Cornerstone Church, is an independent evangelical church in Nottingham, England. It is one of the largest churches in Nottingham, with some 600 people coming together to worship each Sunday morning.

History 
The church was founded in 1825, as an overflow of the Stoney Street Baptist Church from Nottingham city centre. From a Hyson Green Baptist Church, the congregation moved in 1983 to Raleigh Street in Radford.

In 2012 the congregation moved to a new church building on Castle Boulevard in Nottingham. Erected at a cost of £3.5m, the construction was funded by the 750 strong congregation.

Location 
Cornerstone Church meets at Castle Boulevard in Lenton, Nottingham.

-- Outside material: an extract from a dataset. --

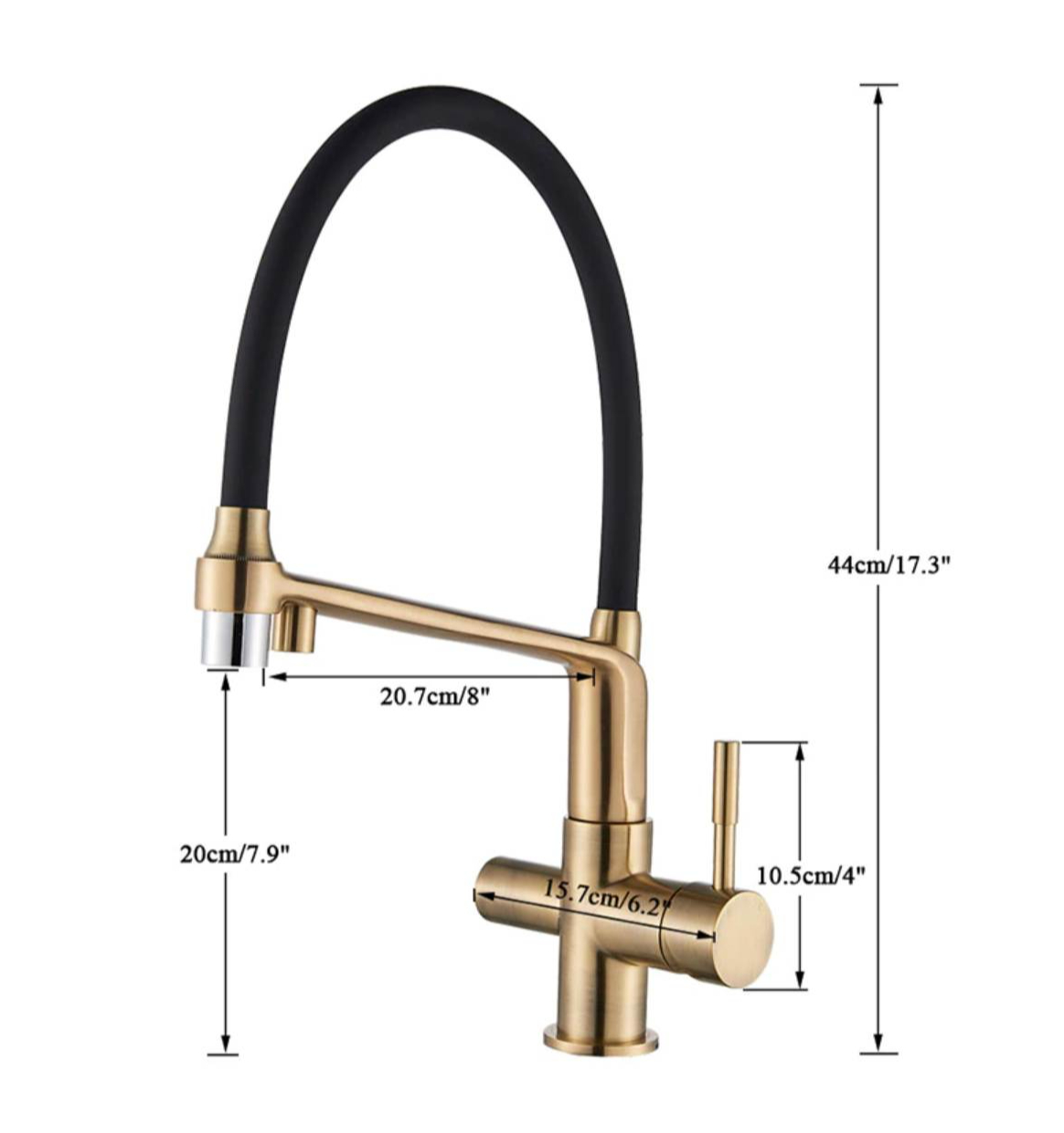 Rozmery: výška 44 cm celá batéria , výška 20 cm výtok, dosah výtoku 21 cm bez odopnutia, šírka cca 6 cm

The building is located near to the University Park and Jubilee campuses of the University of Nottingham and contributes to making Cornerstone a popular choice for students there.

Services 
There are two main services at Cornerstone on a Sunday morning: 9:15 am and 11:15 am, the services attract around 600 including a great many families. There is a considerable number of children and youth work at these services.

The evening service is held at 7.00 pm.  This is an hour long service that does not incorporate any programs for children, and so is more suited to adults.

All services are contemporary in style but retaining a strong emphasis on expository preaching and gospel teaching.

There is a weekly prayer meeting which starts at 6:30pm, just before the evening service.

Affiliations 
The church is affiliated to the Evangelical Alliance and the Fellowship of Independent Evangelical Churches.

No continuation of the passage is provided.